Purpose: Development and evaluation of a novel approach that communicates patients' diabetes risk levels in the context of many risk factors by visualizing a large, multidimensional patient data set.

Methods: A general method was developed which allows a clinician to (i) select a set of relevant risk factor variables for exploratory analysis of disease risk in a patient population; (ii) apply dimensionality reduction techniques for extracting informative two-dimensional projections of patient observations based on the selected variables; (iii) draw visual classification boundaries for risk group stratification; and (iv) plot “attracting anchors” which depict relationships between and relevance of each risk factor variable. The anchors' size and location convey this information through an attraction metaphor. Two case studies were used to evaluate the proposed method: the visualization of type 2 diabetes onset risk and the visualization of heart attack risk in adults with type 2 diabetes. Visual models were instantiated using a database from the American Diabetes Association's Diabetes PHD application which contained individual level health information and corresponding risk predictions made by the trial-validated Archimedes model. Principal component and linear discriminant projections of the data were augmented with two- and three-class decision boundaries and “attracting anchors” for each selected risk factor. Models were evaluated in terms of accuracy in stratifying patients according to risk and the ability to identify outlying individual or clusters of patients.

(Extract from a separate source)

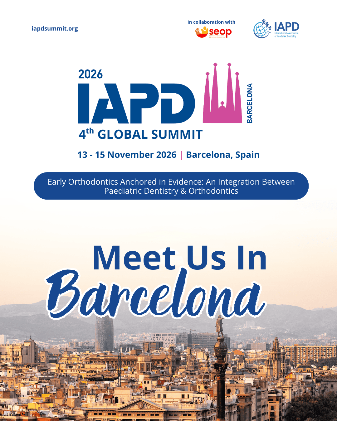 國際學術研討會 2026 第4屆國際兒童牙科醫學會全球高峰會 4th IAPD Global Summit 2026/11/13 08:00 ~ 2026/11/15 17:00 Barcelona, Spain 主辦單位 International Association of Paediatric Dentistry (IAPD) 課程時數 共 19 小時 活動收費 否 提供餐食 否 串連網址 https://iapdsummit.org/ 活動內容 繼續教育 課程代號/積分依據 兒牙專1150011號(甄審原則第11點第3款) 認定積分 本會兒牙專科積分22.8 認定時數 19 活動清單

Results: The two-dimensional linear models approximated the Archimedes risk predictions and classified patients as well or better than other common machine learning methods that were applied to the original high-dimensional data. The models also visually provided an overview of risk levels in the population, estimates of confidence in each patient's risk grouping, insight into relationships between risk factor variables, and identification of outlying patients. The general framework is based on computationally efficient and well understood statistical methods, and its parameters can be modified to meet the needs of individual clinicians.

Conclusions: The proposed methods provide accurate and interpretable high-dimensional visual stratifications of many patients according to their risk of diabetes or heart attack. The techniques may be embedded in information systems to provide interactive visual analysis tools that complement less efficient or less transparent analytic methods in supporting information processing and decision making related to diabetes prevention and management.